- [Exercise directions] The answer must be only the lines below from the one holding "Built-in Features, High" down to the one holding "Affascinante lampada a", ends included, printed exactly; please omit all pictures.

- [Information shown]
──────

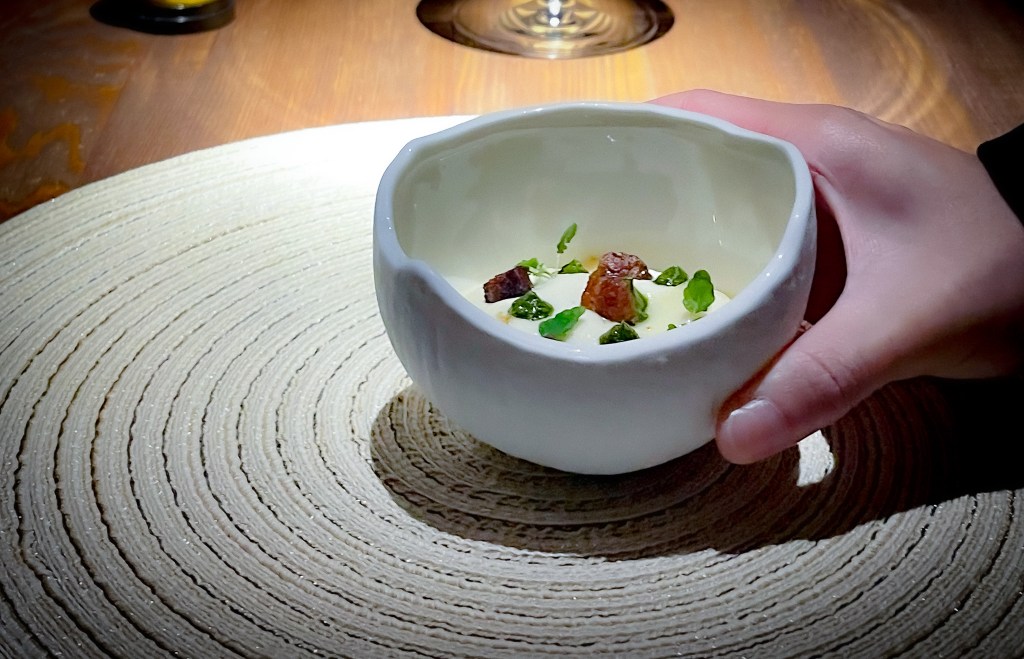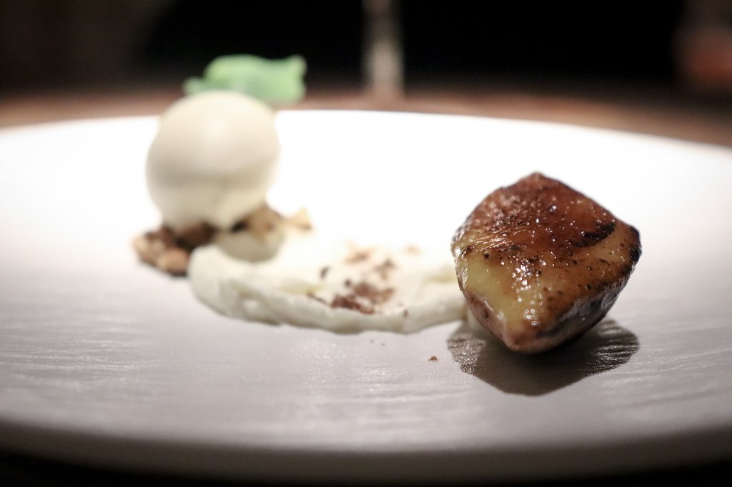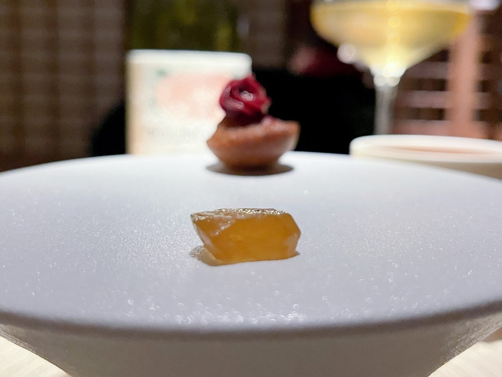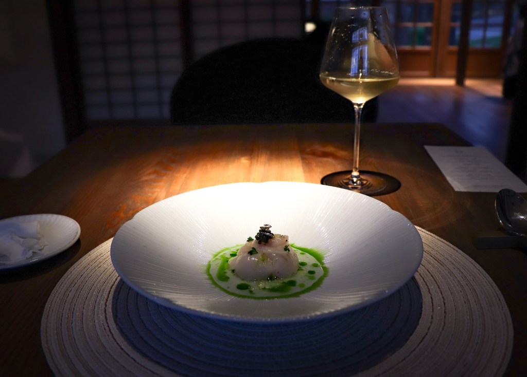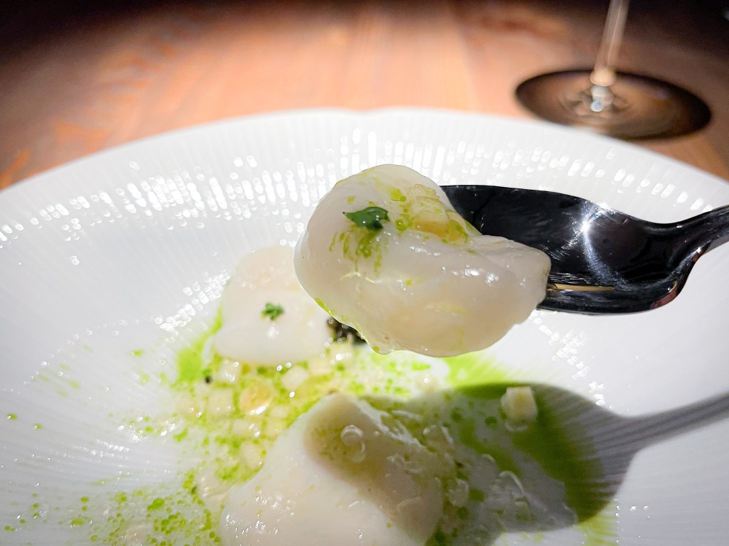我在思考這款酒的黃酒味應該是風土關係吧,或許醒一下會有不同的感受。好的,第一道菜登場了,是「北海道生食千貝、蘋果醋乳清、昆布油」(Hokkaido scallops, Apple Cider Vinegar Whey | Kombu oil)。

──────

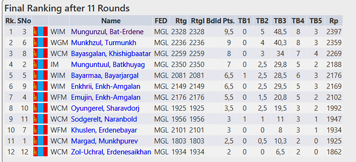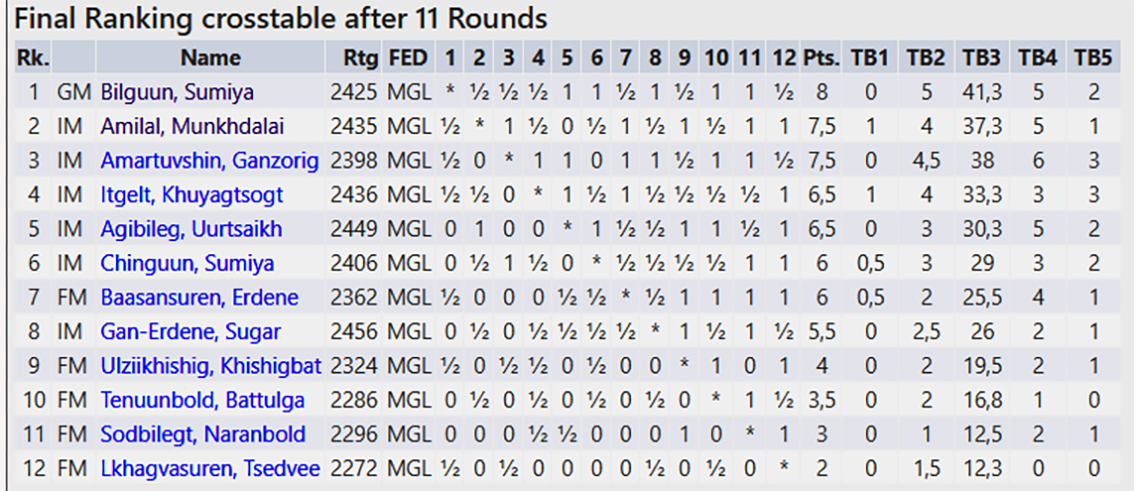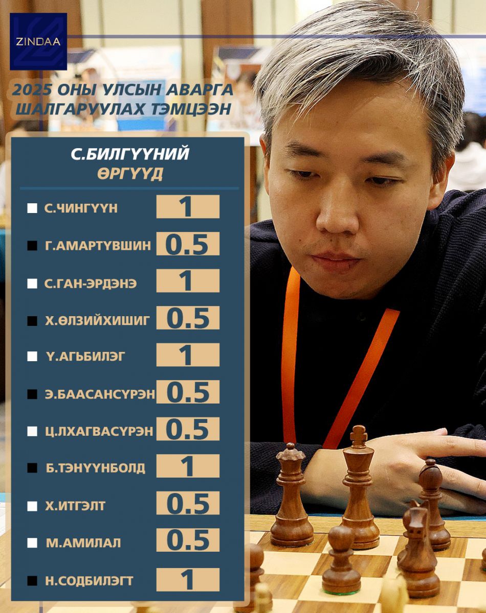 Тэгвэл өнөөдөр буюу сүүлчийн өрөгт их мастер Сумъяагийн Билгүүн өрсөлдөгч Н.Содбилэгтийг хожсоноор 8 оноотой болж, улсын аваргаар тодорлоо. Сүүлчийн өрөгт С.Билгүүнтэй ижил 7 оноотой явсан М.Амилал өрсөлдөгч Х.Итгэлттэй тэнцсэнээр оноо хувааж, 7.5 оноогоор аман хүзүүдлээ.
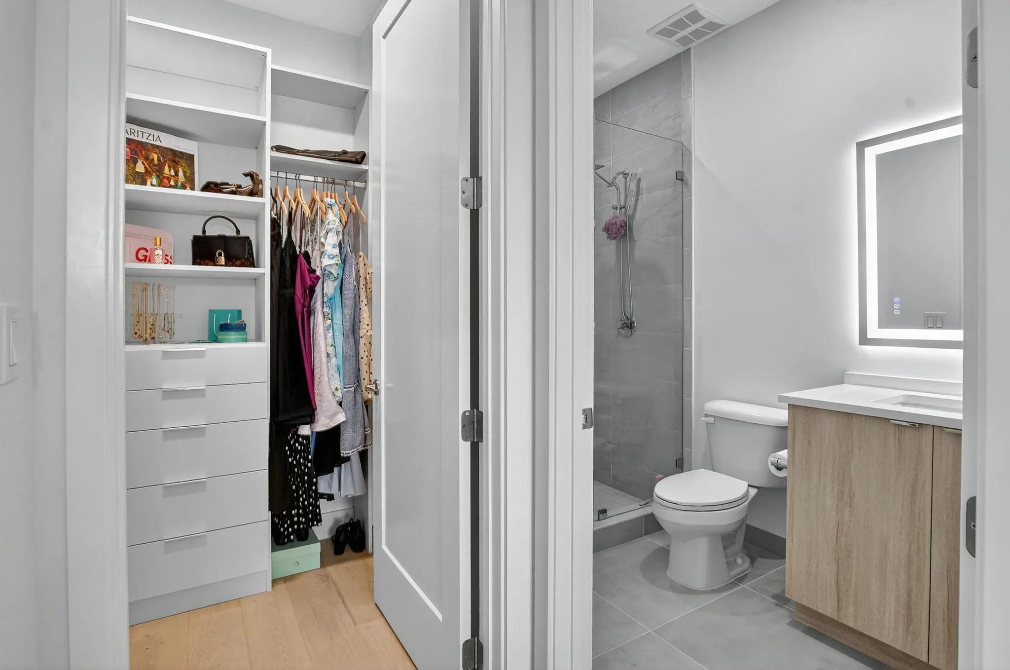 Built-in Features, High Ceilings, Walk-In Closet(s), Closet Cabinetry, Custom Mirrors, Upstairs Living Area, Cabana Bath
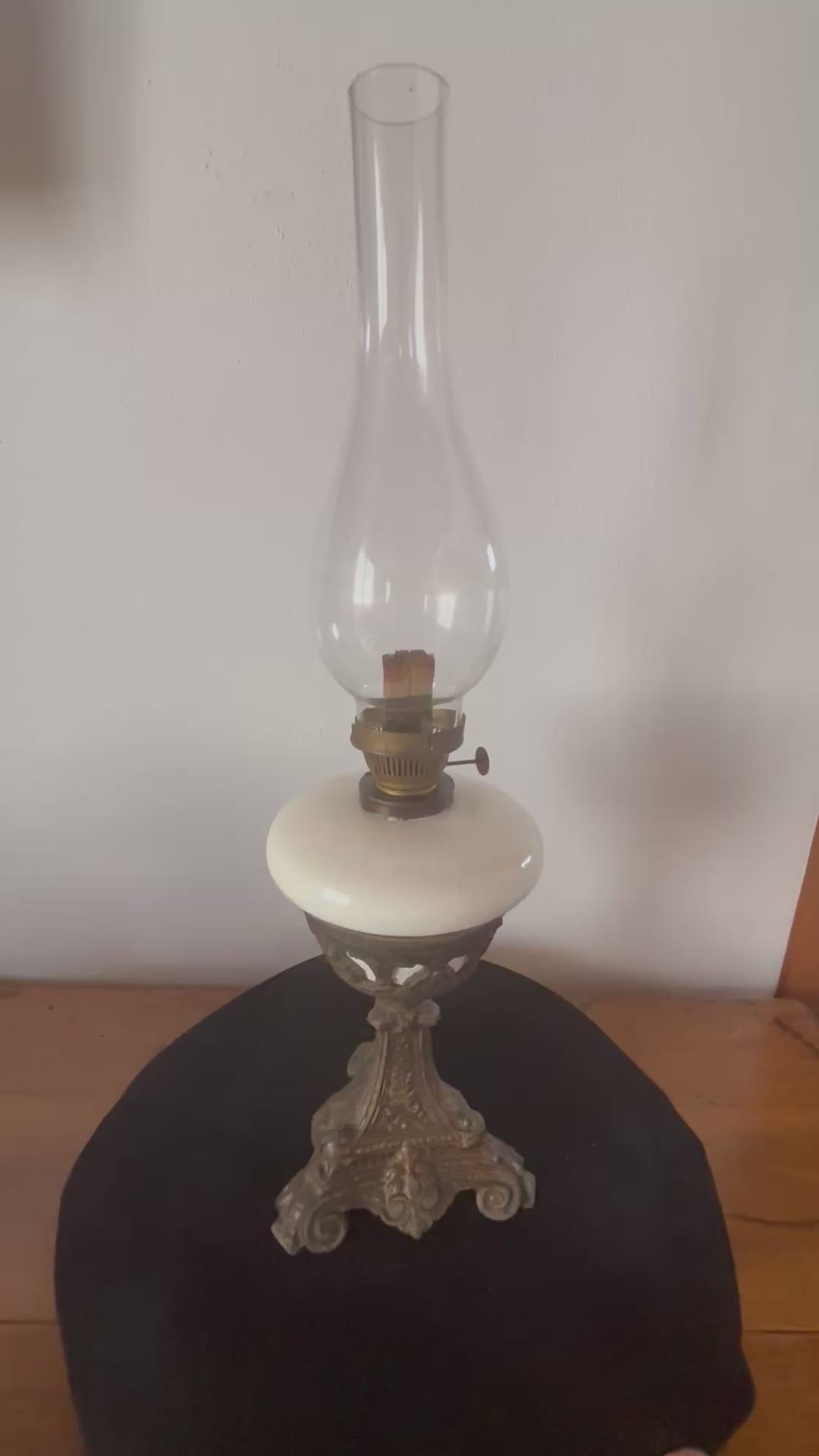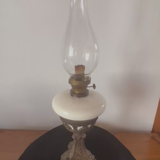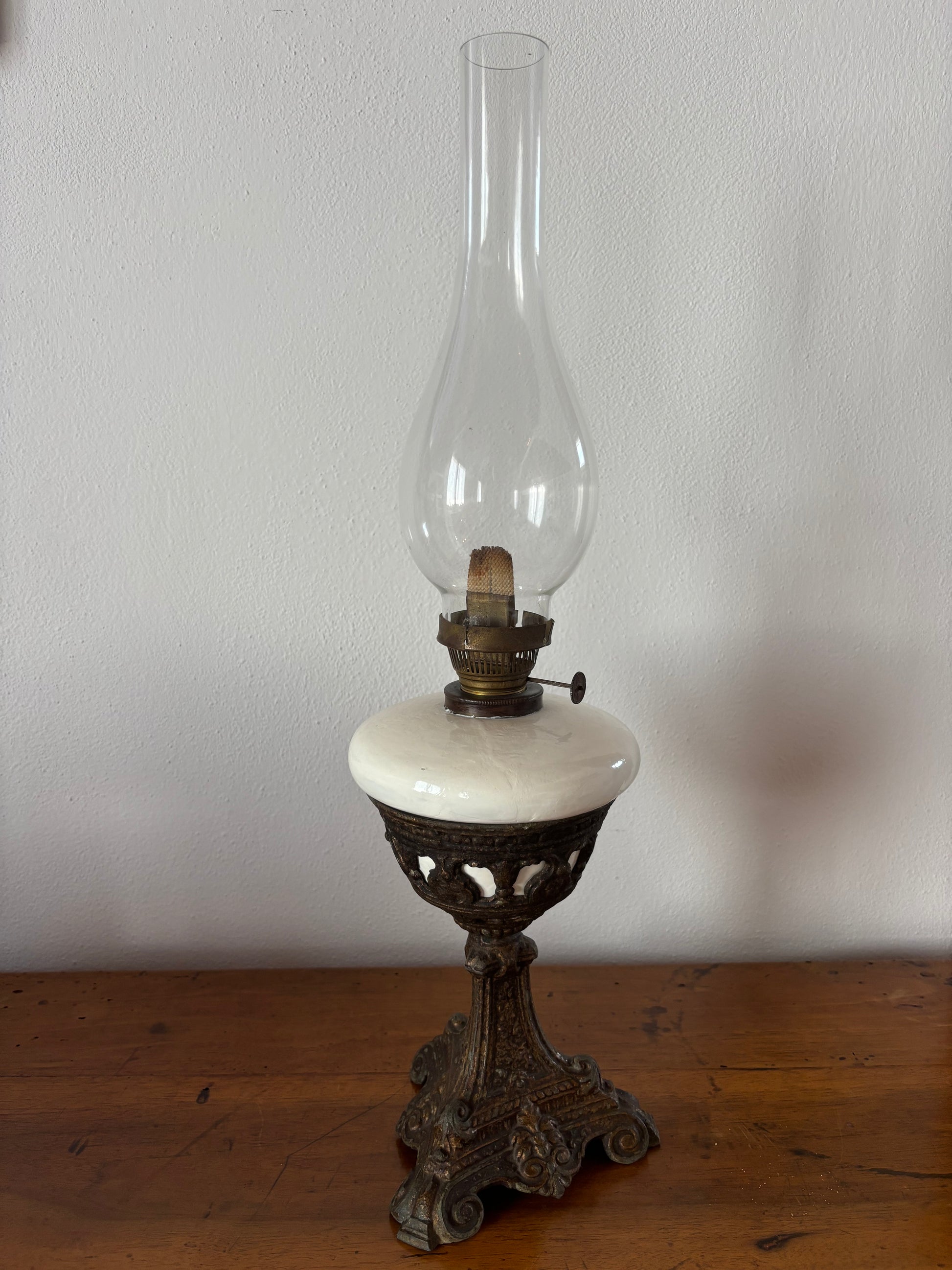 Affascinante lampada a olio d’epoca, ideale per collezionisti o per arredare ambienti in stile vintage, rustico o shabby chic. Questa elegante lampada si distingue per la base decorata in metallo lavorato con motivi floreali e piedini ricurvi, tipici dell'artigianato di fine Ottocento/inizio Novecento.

──────

- [Completed exercise]
 Built-in Features, High Ceilings, Walk-In Closet(s), Closet Cabinetry, Custom Mirrors, Upstairs Living Area, Cabana Bath
 Affascinante lampada a olio d’epoca, ideale per collezionisti o per arredare ambienti in stile vintage, rustico o shabby chic. Questa elegante lampada si distingue per la base decorata in metallo lavorato con motivi floreali e piedini ricurvi, tipici dell'artigianato di fine Ottocento/inizio Novecento.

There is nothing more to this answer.